Pair Corralation between Air New and Li Ning

Assuming the 90 days trading horizon Air New Zealand is expected to generate 1.14 times more return on investment than Li Ning. However, Air New is 1.14 times more volatile than Li Ning Company. It trades about 0.11 of its potential returns per unit of risk. Li Ning Company is currently generating about 0.02 per unit of risk. If you would invest  31.00  in Air New Zealand on October 4, 2024 and sell it today you would earn a total of  2.00  from holding Air New Zealand or generate 6.45% return on investment over 90 days.
Time Period3 Months [change]
DirectionMoves Together 
StrengthVery Weak
Accuracy100.0%
ValuesDaily Returns

Air New Zealand  vs.  Li Ning Company

 Performance 
       Timeline  
Air New Zealand 

Risk-Adjusted Performance

6 of 100

 
Weak
 
Strong
Modest
Compared to the overall equity markets, risk-adjusted returns on investments in Air New Zealand are ranked lower than 6 (%) of all global equities and portfolios over the last 90 days. In spite of rather uncertain basic indicators, Air New may actually be approaching a critical reversion point that can send shares even higher in February 2025.
Li Ning Company 

Risk-Adjusted Performance

0 of 100

 
Weak
 
Strong
Very Weak
Over the last 90 days Li Ning Company has generated negative risk-adjusted returns adding no value to investors with long positions. Despite latest fragile performance, the Stock's essential indicators remain stable and the current disturbance on Wall Street may also be a sign of long-run gains for the company stockholders.
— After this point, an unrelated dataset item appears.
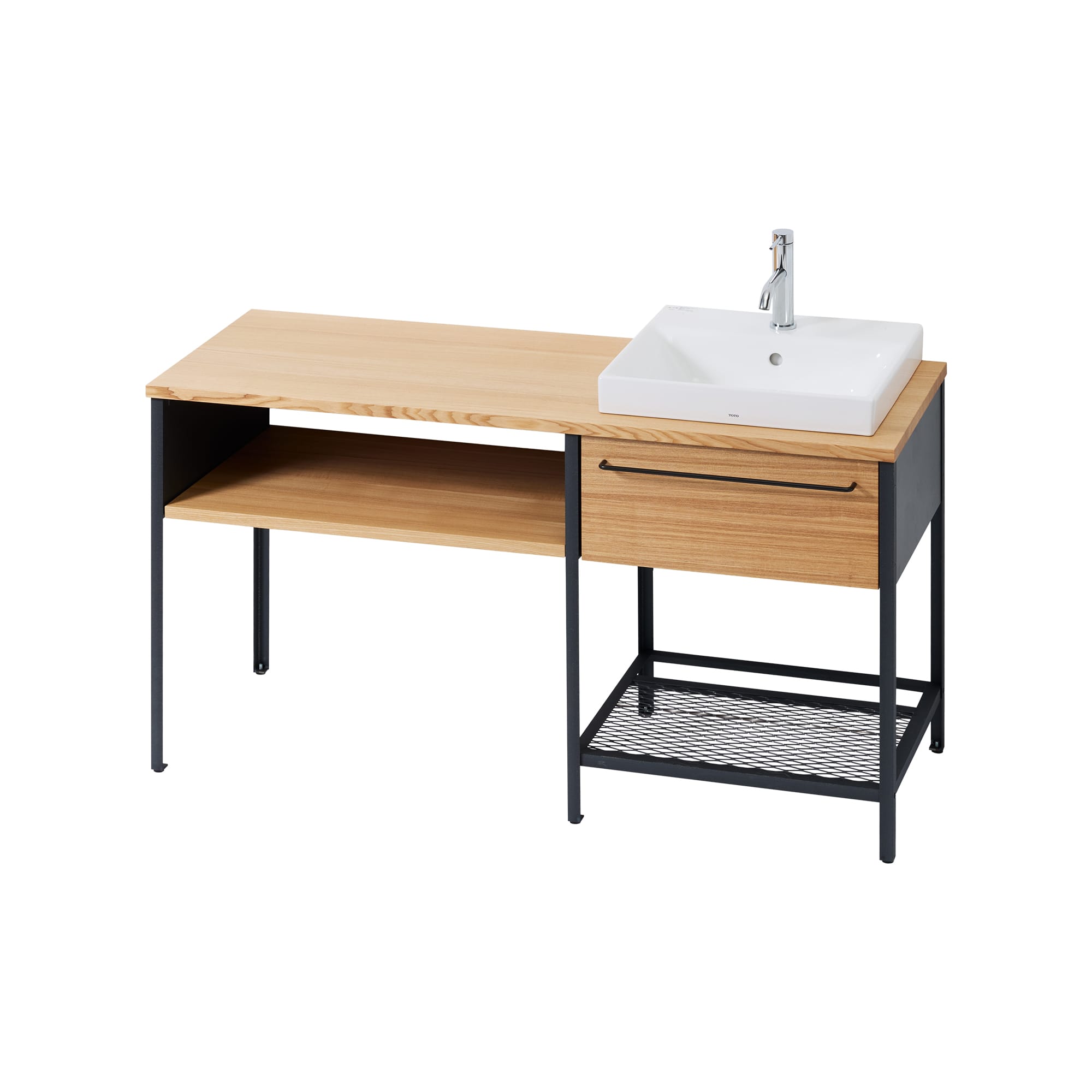 天板と引き出しの前板は、タモの幅はぎ材。水濡れ対策にウレタンクリア塗装を施しています。洗面器は陶器製で、シンプルなスクエア型を採用。水栓の脇には石鹸などが置けるスペースもあります。

Air New and Li Ning Volatility Contrast

   Predicted Return Density   
       Returns  

Pair Trading with Air New and Li Ning

The main advantage of trading using opposite Air New and Li Ning positions is that it hedges away some unsystematic risk. Because of two separate transactions, even if Air New position performs unexpectedly, Li Ning can make up some of the losses. Pair trading also minimizes risk from directional movements in the market. For example, if an entire industry or sector drops because of unexpected headlines, the short position in Li Ning will offset losses from the drop in Li Ning's long position.
The idea behind Air New Zealand and Li Ning Company pairs trading is to make the combined position market-neutral, meaning the overall market's direction will not affect its win or loss (or potential downside or upside). This can be achieved by designing a pairs trade with two highly correlated stocks or equities that operate in a similar space or sector, making it possible to obtain profits through simple and relatively low-risk investment.
Check out your portfolio center.
Note that this page's information should be used as a complementary analysis to find the right mix of equity instruments to add to your existing portfolios or create a brand new portfolio. You can also try the Performance Analysis module to check effects of mean-variance optimization against your current asset allocation.